I have a list.csv file contains series of coordinates and the concerned coordinates are belongs to different fasta files namely ocean.fasta, lake.fasta, river.fasta
which are present in a target
folder. The list.csv
and ocean.fasta, lake.fasta, river.fasta files are shown below,
.
/target/
list.csv
Contig3,15,7
Contig2,5,10
Xantho1,12,3
ocean.fasta
>Contig2 contig1 Bacillus 985, ocean [298]
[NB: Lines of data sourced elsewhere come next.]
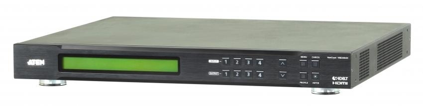 Mатричный HDMI коммутатор VM3404H предназначен для коммутации 4-х источников сигналов HDMI видео 4K/Full HD c 4-я соответствующими устройствами отображения в любой комбинации. Дополнительно устройство может коммутировать управляющие сигналы ИК и RS232. VM3404H имеет функционал формирования видеостены размером 2х2. Благодаря поддержки технологии HDBaseT-Lite устройство обеспечивает передачу сигналов к устройствам отображения на расстояние до 40/70 метров используя один кабель Cat 6a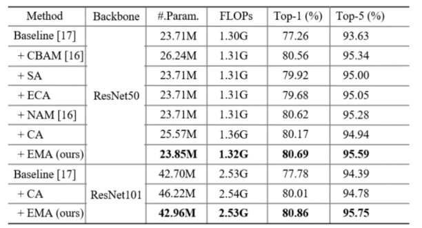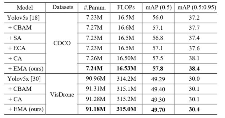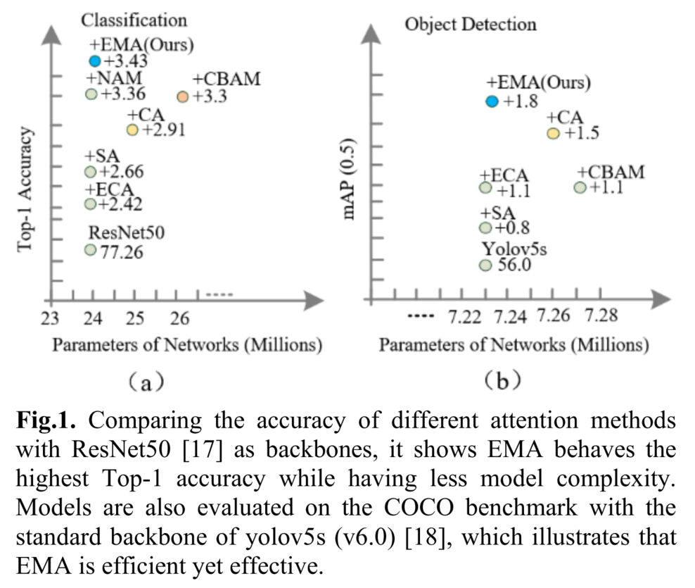 为了证明提出的EMA的通用性,第4节介绍了详细的实验,包括CIFAR-100、ImageNet-1k、COCO和VisDrone2019基准的结果。连同图像分类和目标检测任务的实验结果如图1所示。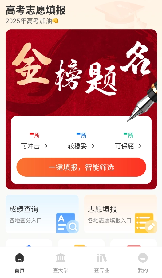 1. 打开志愿填报大师APP,点击“一键填报”功能,系统会依据个人实际情况,智能推荐院校。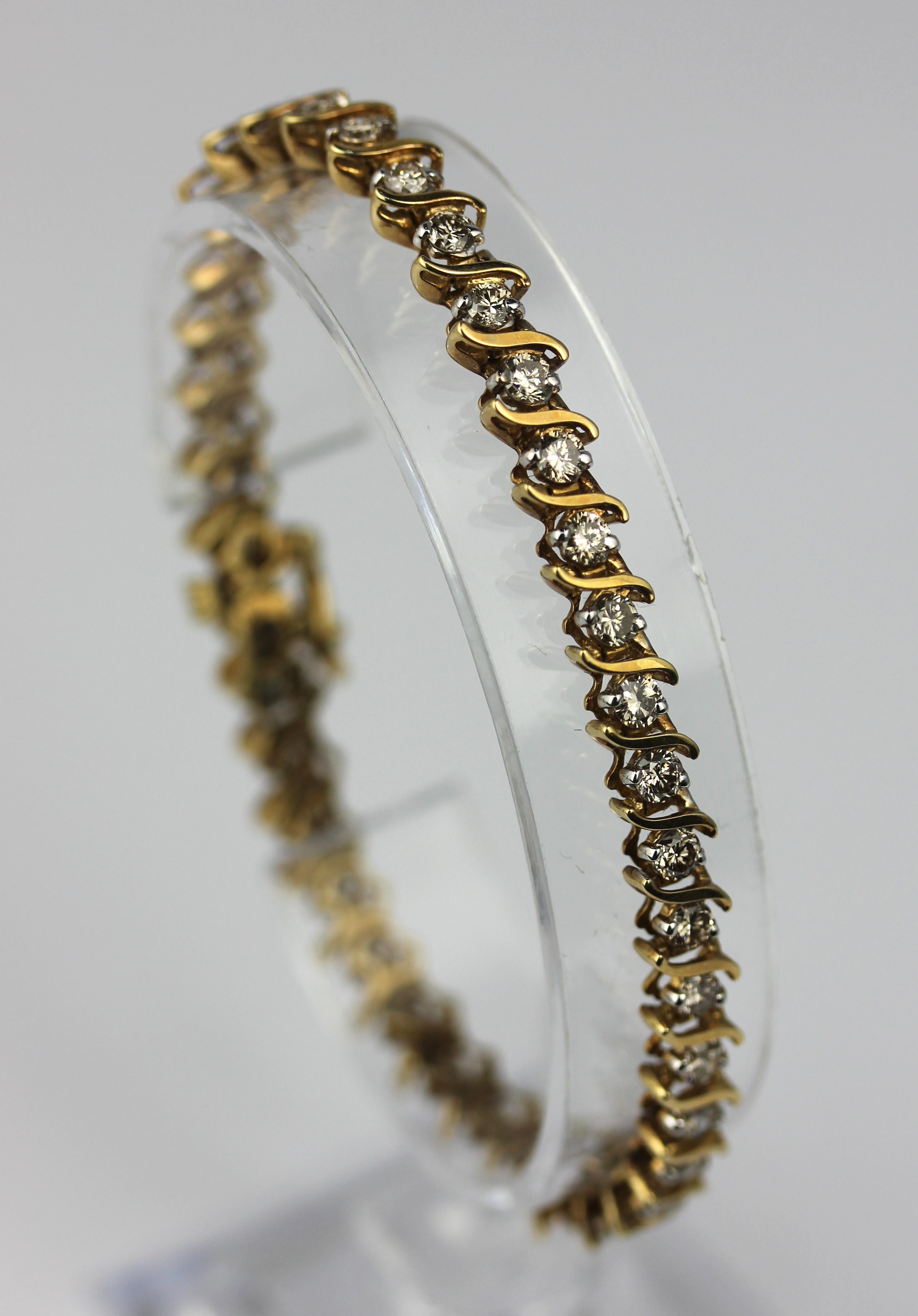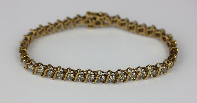 A gold and diamond set line bracelet, claw set with circular cut diamonds alternating with separating links, detailed '14k', on a snap clasp, gross weight 14g, length 17.7cm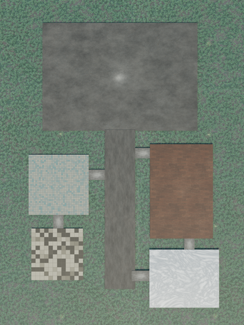 With all the textures made and rendered out i made larger versions of them so that when scaled up it wouldn't pixelate and look weird. I started with the grass and created 2 larger version with differing seeds on the particle system so that when put together similar patterns in the grass couldn't be seen. After that i then layered a larger version of the concrete texture over the grass to create the main area of the warehouse then using a smaller version of the concrete to make the corridor that the play will use to access other parts of the map. After adding the workers longue/kitchen I thought that there was more space to add another room so I then created the reception area to give more manoeuvrability for the player. once i built the map out in blender I rendered 2 versions of the map out with two different HDRI's this was an important choices as lighting is important and will dictate the atmosphere of your game and how the player experiences it so I decided to get with the second render as the back ground for the game.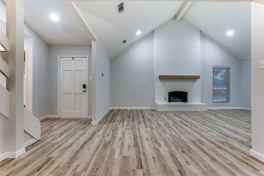 Welcome to this beautifully updated, move-in-ready home that perfectly blends modern design with comfortable living. The heart of the home features an open-concept layout that seamlessly connects the kitchen, dining, and family room, creating a natural flow that’s both functional and inviting. The main living room features vaulted ceilings and a stunning white brick fireplace, a perfect focal point for gatherings and everyday living. The well-appointed eat-in kitchen offers ample storage and counter space, featuring SS appliances, granite countertops, subway tile backsplash, open shelving, and a separate wall of accent cabinetry that provides additional storage and a dedicated coffee bar area. The dining area flows seamlessly from the kitchen and overlooks the backyard through large sliding doors, perfect for everyday meals or entertaining guests.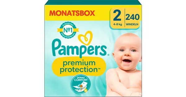 Komfort und Schutz von Pampers für empfindliche Babyhaut. Längerer Kontakt mit Urin und Stuhl kann die empfindliche Babyhaut reizen und so unangenehm für dein Baby werden. Pampers Premium Protection Windeln wurden speziell entwickelt, um den weichsten Komfort und Schutz von Pampers zu bieten:1) Das DERMACOMFORT Innenvlies mit saugfähigen Poren nimmt Feuchtigkeit und flüssigen Stuhl sofort auf und leitet sie weg von der Haut in den Windelkern. So bleibt die empfindliche Babyhaut trocken und geschützt.2) Millionen von Mikroporen lassen die Luft in der Windel zirkulieren und halten die Babyhaut trocken.3) Bis zu 100 % Auslaufschutz dank eines einzigartigen 3-fach-Schutz-Systems, das Flüssigkeit schnell absorbiert und vor Auslaufen an Bäuchlein und Beinchen schützt.4) Ultra weiche Materialien sorgen für Komfort und Schutz.Pampers Premium Protection Windeln – die Nr.1 in deutschen Geburtsstationen (basierend auf Januar 2023 Verteilungsdaten in Geburtsstationen in Deutschland) – sind 100 % sicher für die Babyhaut: sie sind dermatologisch getestet und frei von 26 EU-Parfümallergenen.

ACGAAGCGCTCGCCAAGGCCGAAGAAGAAGGCC
>Contig85 Bacillus 956, ocean [895]
ATGCNNNGCTAT
lake.fasta
>Xantho1 [Pseudomonas] cissicola strain CCUG 18839 contig_0000001
AAGGCCATCAAGGACGTGGATGAGGTCGTCAAG
>Contig8 [Pseudomonas] cissicola strain CCUG 18839 contig_0000008
ATGCTTAGCTGATGC
>Contig20 [Pseudomonas] cissicola strain CCUG 18839 contig_0000020
ATGCTTAGCTGATGCTAGTA
river.fasta
>Contig3 8954 e.coli [856]
GCTGCGGCGCTGATCCTGGCGGCCCGCGCCGAG
>Contig8 8954 e.coli [859]
TAGTGCGTATAT
Contig3,15,7
and Xantho1,12,3
are not in right order, I mean the $2>$3, therefore I need to order those coordinates as $2<$3. Further I need to reverse complement those sequences extracted from Xantho1,3,12
and Contig3,7,15
. In addition to that, I need to save those extracted sequences as new_ocean.fasta, new_lake.fasta, new_river.fast in a fresh folder namely target_sequences. The expected output as follows,
./target/target_sequences
new_river.fasta
>Contig3
GATCAGCGC
new_ocean.fasta
>Contig2
AGCGCT
new_lake.fasta
>Xantho1
CTTGATGGCC
I have used following script but end up with an error,
for file in *.fasta
do
fastaexplode "$file" &&
awk -F[:-] '{
if($2>$3){
start=$3-1;
len=$2-start" -"
}
else{
start=$2-1;
len=$3-start
}
print $1,start,len}' list.csv &&
tmpFile=$(mktemp);
> subseqs.fa
awk -F[:-] '{
if($2>$3){
start=$3-1;
len=$2-start" -"
}
else{
start=$2-1;
len=$3-start
}
print $1,start,len}' list.csv |
while read cont start len rev; do
fastasubseq "$cont".fa $start $len > $tmpFile;
if [[ -n $rev ]]; then
fastarevcomp "$tmpFile" >> subseqs.fa;
else
cat "$tmpFile" >> subseqs.fa;
fi && cp subseqs.fa target_sequences/"new_${file}"
done
Please help me to do the same.
Did you write the awk script from scratch? At what stage of writing the script did it stop working and give you the error?
@RamRS It shows error at last stage. It extracts the sequence and reverse complementing where ever is required, but failed to create new_file. I know that I messed up the script while adopting my purpose. if it possible could you please help me to correct it.